Tribune 30/11/1998 à 15h24
Enseigner l'histoire c'est enseigner un mythe.
La polémique sur la réhabilitation des mutins de 1917 repose aussi sur une vision sacralisée des Etats
Par SUZANNE CITRON
Personne, pendant la querelle autour de la réhabilitation des mutins de la guerre de 14, personne n'a pensé, ou osé, remettre en cause le discours officiel de l'Union sacrée de la Première Guerre, qui fait partie de notre mémoire collective: «Les Français partaient combattre pour la civilisation contre la barbarie des Boches dont les cadavres sentiront plus mauvais que ceux des Français.»
Aujourd'hui, des historiens parlent plutôt de Brutalization («ensauvagement»), concept inventé par l'Américain George Mossen qui réinterprète la vraie dimension de la guerre de 14-18: une barbarie partagée des deux côtés, qui va engendrer les totalitarismes du XXe siècle. Réhabiliter les mutins de 1917 dans la mémoire nationale, ce n'est pas encore oser une mémoire critique de cette guerre, qui serait d'ailleurs une mémoire européenne , celle de la folie partagée des nationalismes d'Etat légitimant (du côté allemand comme du côté français), la justesse de la guerre. Ce débat est un exemple des prudences et des hésitations des concepteurs de programmes et des auteurs de manuels scolaires à l'heure où l'on parle d'alléger ou plutôt de repenser l'héritage qui pèse sur l'enseignement de l'histoire.
Refaisons l'histoire de l'histoire dans l'Education nationale. Rappelons que les historiens européens du XIXe siècle ont sacralisé leurs Etats-nations en enfouissant leur origine dans un passé mythique. En France, c'est le mythe d'une France-Gaule, nation-essence, toujours présente en filigrane. «La France comme dogme et comme religion» avait écrit Michelet. Les grandes divisions traditionnelles autour desquelles on continue de répartir la matière historique entre les classes secondaires Antiquité, Moyen Age, Temps modernes, Epoque contemporaine sont datées. La notion de «moyen âge» est une invention des humanistes des XVe - XVIe siècles; le XVIIe siècle l'a ensuite encadrée par deux événements repères, la chute de l'Empire romain et la prise de Constantinople en 1453. L'expression de medium aevum (en latin de l'époque) évoquait les temps obscurs et grossiers qui séparaient des «temps modernes» une Antiquité prestigieuse, redécouverte comme une véritable «Renaissance».
Ce découpage avait une signification intellectuelle et idéologique. L'Antiquité restait la source prestigieuse de leur culture. L'histoire commençait avec l'écriture. Il fallut alors inventer un mot, «préhistoire», pour rajouter, en amont de «l'histoire», un passé humain que de prodigieuses découvertes rendirent de plus en plus épais.

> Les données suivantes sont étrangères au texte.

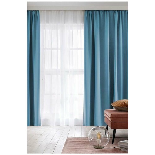 Портьера Tex Valley Сатен ширина 150 см, высота 250 см, Голубой, 2 шт

L'histoire reposait aussi sur la bonne conscience européenne sincèrement convaincue de la supériorité de la civilisation blanche. Le progrès linéaire de l'humanité était en marche avec l'européanisation du monde. Cette historiographie s'appuyait aussi sur l'idée d'un «miracle grec», concept mis en cause par les progrès de l'archéologie et les travaux d'historiens comme J.-P. Vernant ou de M.I. Finley.
Ne pourrait-on aujourd'hui rompre avec une convention historiographique qui décrypte le passé en une succession de périodes codées par des hommes de lettres européens entre le XVIe et le XIXe siècle? Cette périodisation ne fait plus sens pour l'humanité d'aujourd'hui, dont l'espace historique est planétaire et pour les individus aux identités complexes. De nouvelles questions sur le passé, sont donc à formuler. La notion d'échelle du temps serait à introduire. Car la représentation du passé est différente, selon qu'on l'expose et qu'on l'explique en longue et en courte durée. Les repères traditionnels sèment la confusion qui juxtaposent les millénaires de l'Antiquité, les siècles du Moyen Age, la décennie de la Révolution française" dans une même pseudo-continuité.

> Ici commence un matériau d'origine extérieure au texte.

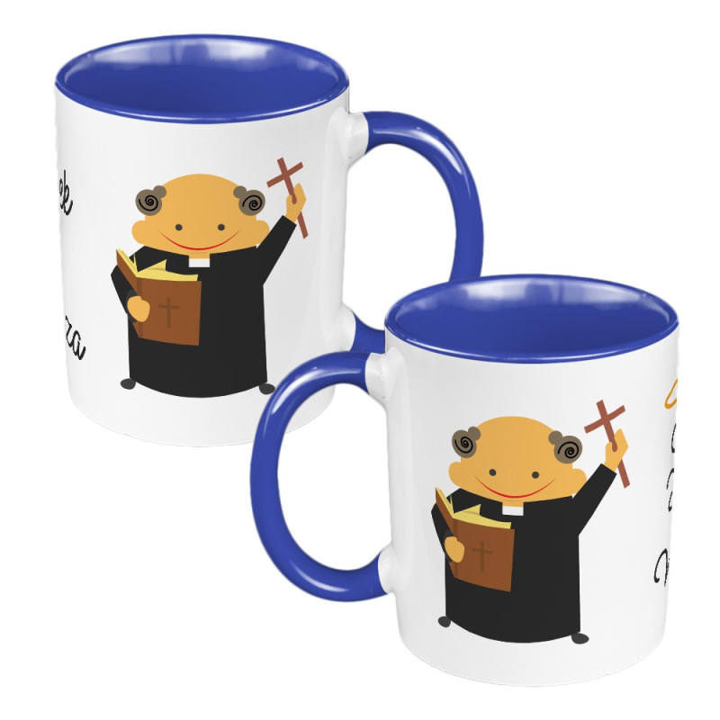 Kubek 330 ml kolorowy dla księdza- Święty kubek Księdza z imieniem- prezent z okazji Dnia Nauczyciela.

Repenser l'enseignement de l'histoire supposerait d'inventer une nouvelle manière de programmer, de distancier critiquement la matière historique. Dans le tissu d'une histoire commune planétaire, nationale, européenne on introduirait des séquences, éclairant un épisode ou un problème. L'étude d'un aspect particulier serait obligatoire ou laissée au libre choix de l'enseignant(e), de l'équipe pour répondre à une demande locale, à l'explication d'un événement. L'histoire aujourd'hui devrait, comme l'ont écrit Christian Delacroix et Patrick Garcia, «aider à vivre les multiples niveaux d'appartenance de l'individu contemporain et à prendre de la distance avec chacun d'eux pour construire son propre horizon de choix».
Suzanne Citron est professeur d'histoire, auteur du «Mythe national» (Ed. de l'Atelier, 1991).